Koordinator Bidang Hak-Hak Sipil dan Politik, Hutomo menilai putusan oleh Majelis Hakim terhadap Briptu Sanjaya sangat jauh dari rasa keadilan semangat mencegah kekerasan seksual utamanya pelaku yang melibatkan aparat.
“Faktanya, perbuatan pelaku dilakukan secara berulang-ulang dan memanfaatkan posisinya sebagai polisi di rutan tempat korban di tahan. Hal ini menunjukan adanya relasi kuasa antara keduanya dan korban berada dalam posisi rentan karena berada dalam tahanan.
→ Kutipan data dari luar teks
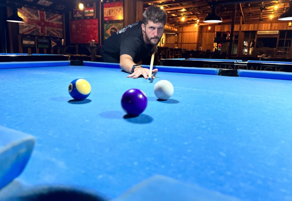 The next day I have a bit of a lie in, I chill by the pool with Jon for a bit before we head out to breakfast, we decide to let Scott sleep as he always seems to be knackered. It is a nice breakfast that I have with yet another banana milkshake. One of the many things Asia does better than the UK is milkshakes, they are available pretty much everywhere and I love a milkshake! After breakfast we head back to the hostel and Scott is still a sleep so Jon and I lounge about a bit and end up playing some chess. I get lucky and beat him twice! The rest of the day is pretty chilled, we drop off some laundry to a local laundrette, hang by the pool and just chill out. That evening we head into town. We end up going to a place called The Melting Pot, a Texas style bar. We make friends with a fellow traveller and play a few games of pool with him. This is a cool bar with loads of pool tables, axe throwing and even a basketball machine. I order myself a gumbo – something I haven’t eaten since being in New Orleans for St Paddy’s day with Alex during my year abroad at university – it is lovely. A few games of pool and a couple beers later we decide it is time to head back. We have booked the popular sunrise hike to Mount Batur, the local active volcano located at the centre of two concentric calderas northwest of Mount Agung. This means we need to leave at 2am tomorrow morning, so any early night is needed.
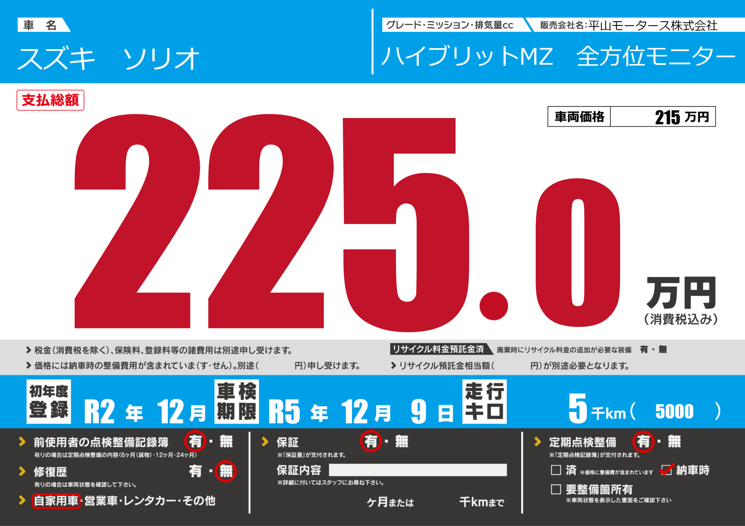 | 走行キロ | 0.5万km | 初年度登録 | R2年12月 |
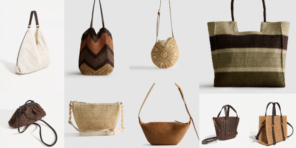 Nesta altura, destacam-se vários tipos de malas que se adaptam a diferentes momentos. As tote bags continuam a ser uma das escolhas mais práticas, graças à sua versatilidade e espaço. As mini bags mantêm-se como tendência, enquanto as malas de ombro são um clássico intemporal. Já as malas de palha e os modelos em materiais naturais ganham cada vez mais protagonismo.
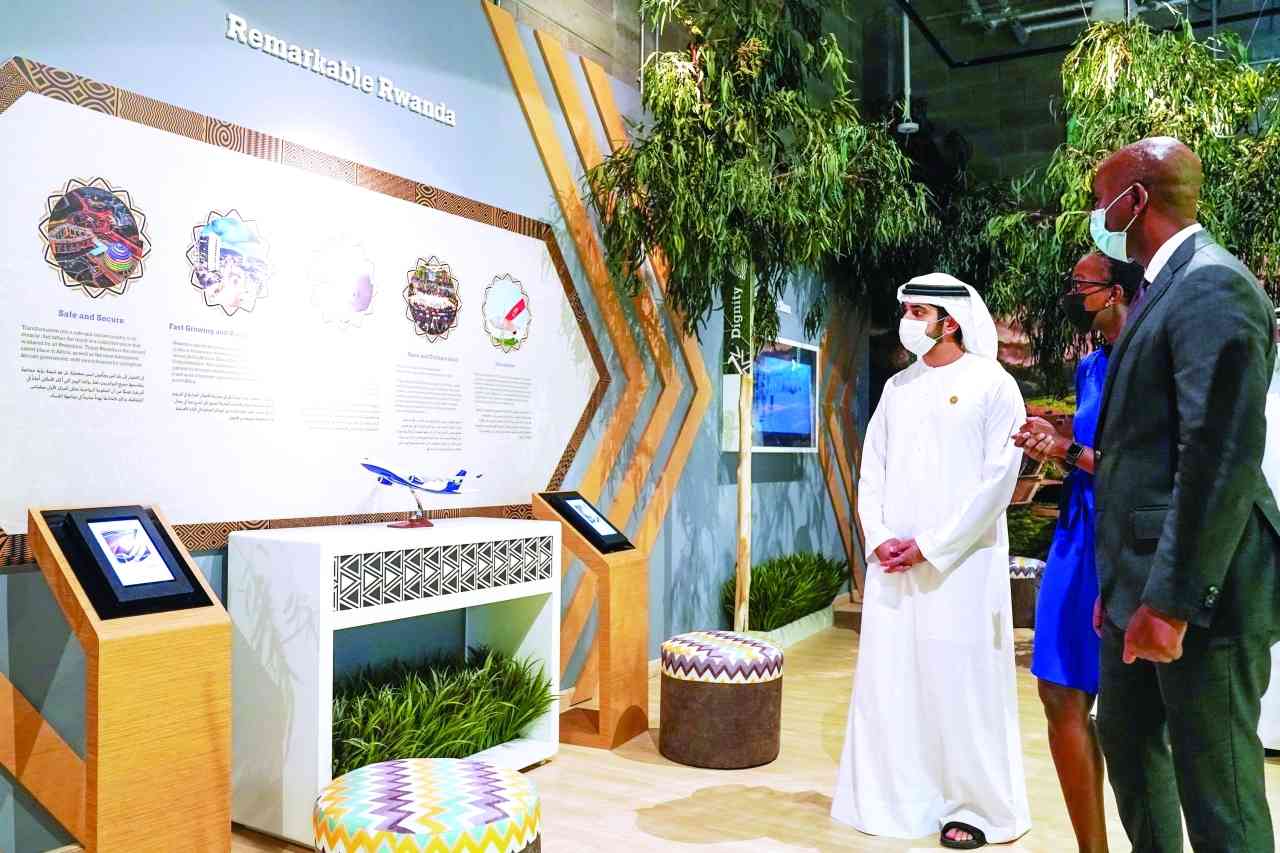 كما زار سمو الشيخ حمدان بن محمد بن راشد آل مكتوم جناح دولة رواندا، المستوحى من تاريخها والمُقام في «منطقة الفرص»، ويعكس مضمونه رحلة شعب رواندا من فترات مضت حافلة بالتحديات إلى الغد المشرق الذي يمضي إليه بكل التسامح لتجاوز صعاب الماضي، في حين جاء تصميم الجناح للتعبير عن هذه الرحلة من خلال مراحل اليوم المختلفة بدءاً من الغسق ومن ثم ظلمة الليل والتي تعبر عن أهوال الحرب التي عانتها رواندا في عام 1994، ومن بعدها ظهور ضياء الفجر إيذاناً بميلاد عهد جديد حافل بالأمل ويليه النهار بكل ما يحفل به من اجتهاد وعمل من أجل حياة أفضل.

Ini sangat tidak manusiawi sehingga pelaku seharusnya mendapat hukuman maksimal,” ujar Hutomo.
Hutomo menegaskan bahwa Sanjaya merupakan anggota Polri yang notabene merupakan aparat penegak hukum, Majelis Hakim sepatutnya memberikan hukuman yang setimpal atas perbuatan yang telah dilakukan.
“Dalam hukum pidana, posisi seseorang sebagai penegak hukum itu merupakan alasan pemberat hukuman jika ia melakukan tindak pidana.” pungkasnya
Berdasarkan putusan Majelis Hakim yang memvonis ringan, LBH Makassar menilai putusan tidak memberikan rasa keadilan bagi korban termasuk, gagal dalam melihat posisi pelaku yakni merupakan anggota Polri yang memiliki kuasa yang sepatutnya bertanggungjawab atas perbuatannya.
Putusan ini tentu akan menjadi preseden kedepan dan secara tidak langsung Majelis Hakim makin menebalkan impunitas ditubuhkan Polri, sehingga LBH Makassar mendesak Jaksa Penuntut Umum melakukan upaya banding atas vonis ringan Briptu Sanjaya yang diberikan Majelis Hakim.